Re: pg_rewind WAL segments deletion pitfall - Mailing list pgsql-hackers
From | Alexander Kukushkin |
---|---|
Subject | Re: pg_rewind WAL segments deletion pitfall |
Date | |
Msg-id | CAFh8B=kyrzXbsuyhM-Fydu6TG3kyu9=AFCyf4tG4cYrfw3897A@mail.gmail.com Whole thread Raw |
In response to | Re: pg_rewind WAL segments deletion pitfall (Kyotaro Horiguchi <horikyota.ntt@gmail.com>) |
Responses |
Re: pg_rewind WAL segments deletion pitfall
Re: pg_rewind WAL segments deletion pitfall |
List | pgsql-hackers |
Hello Kyotaro,
On Tue, 30 Aug 2022 at 07:50, Kyotaro Horiguchi <horikyota.ntt@gmail.com> wrote:
So, if I understand you correctly, the issue you are complaining is
not about the WAL segments on the old timeline but about those on the
new timeline, which don't have a business with what pg_rewind does. As
the same with the case of pg_basebackup, the missing segments need to
be somehow copied from the new primary since the old primary never had
the chance to have them before.
No, we are complaining exactly about WAL segments from the old timeline that are removed by pg_rewind.

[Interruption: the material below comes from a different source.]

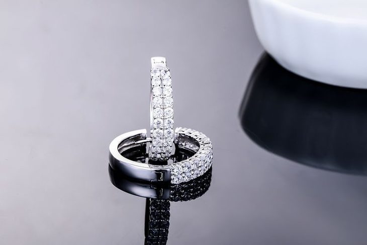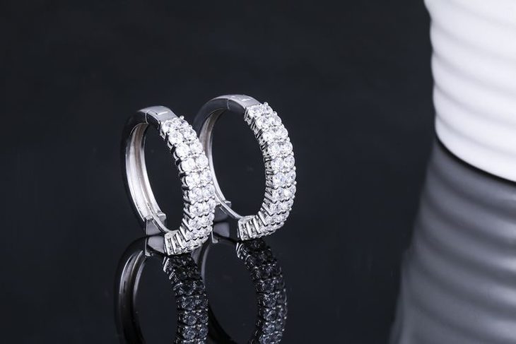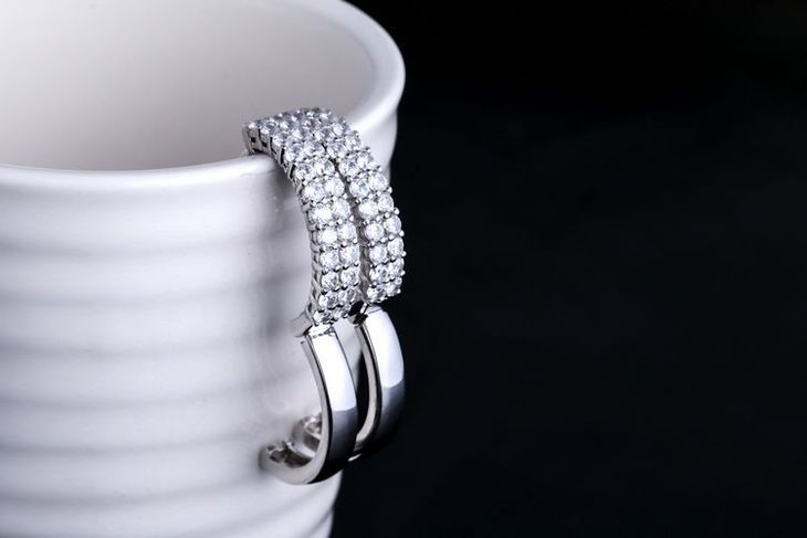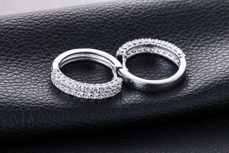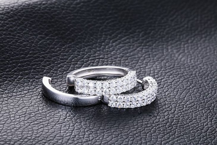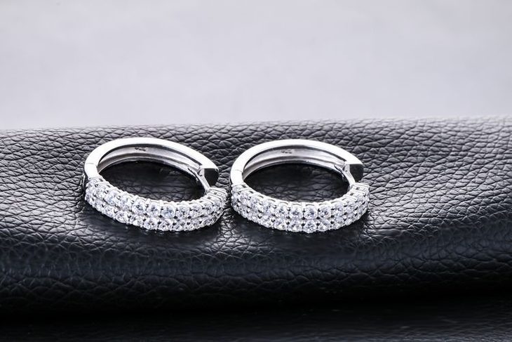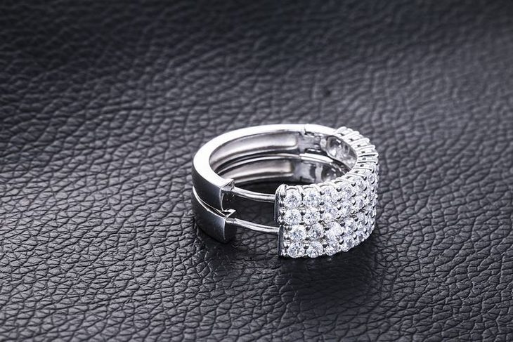 【耳环】新款925纯银耳钉 韩版时尚双排镶钻圆圈耳环耳圈

Those segments haven't been archived by the old primary and the new primary already recycled them.
Thus I don't follow this..
I did a slight modification of your script that reproduces a problem.
====
mkdir newarch oldarch
initdb -k -D oldprim
echo "archive_mode = 'on'">> oldprim/postgresql.conf
echo "archive_command = 'echo "archive %f" >&2; cp %p `pwd`/oldarch/%f'">> oldprim/postgresql.conf
pg_ctl -D oldprim -o '-p 5432' -l oldprim.log start
psql -p 5432 -c 'create table t(a int)'
pg_basebackup -D newprim -p 5432
echo "primary_conninfo='host=/tmp port=5432'">> newprim/postgresql.conf
echo "archive_command = 'echo "archive %f" >&2; cp %p `pwd`/newarch/%f'">> newprim/postgresql.conf
touch newprim/standby.signal
pg_ctl -D newprim -o '-p 5433' -l newprim.log start
# the last common checkpoint
psql -p 5432 -c 'checkpoint'
# old primary cannot archive any more
echo "archive_command = 'false'">> oldprim/postgresql.conf
pg_ctl -D oldprim reload
# advance WAL on the old primary; four WAL segments will never make it to the archive
for i in $(seq 1 4); do psql -p 5432 -c 'insert into t values(0); select pg_switch_wal();'; done
# record approx. diverging WAL segment
start_wal=`psql -p 5432 -Atc "select pg_walfile_name(pg_last_wal_replay_lsn() - (select setting from pg_settings where name = 'wal_segment_size')::int);"`
pg_ctl -D newprim promote
# old rprimary loses diverging WAL segment
for i in $(seq 1 4); do psql -p 5432 -c 'insert into t values(0); select pg_switch_wal();'; done
psql -p 5432 -c 'checkpoint;'
psql -p 5433 -c 'checkpoint;'
pg_ctl -D oldprim stop
# rewind the old primary, using its own archive
# pg_rewind -D oldprim --source-server='port=5433' # should fail
echo "restore_command = 'echo "restore %f" >&2; cp `pwd`/oldarch/%f %p'">> oldprim/postgresql.conf
pg_rewind -D oldprim --source-server='port=5433' -c
# advance WAL on the old primary; new primary loses the launching WAL seg
for i in $(seq 1 4); do psql -p 5433 -c 'insert into t values(0); select pg_switch_wal();'; done
psql -p 5433 -c 'checkpoint'
echo "primary_conninfo='host=/tmp port=5433'">> oldprim/postgresql.conf
touch oldprim/standby.signal
postgres -D oldprim # fails with "WAL file has been removed"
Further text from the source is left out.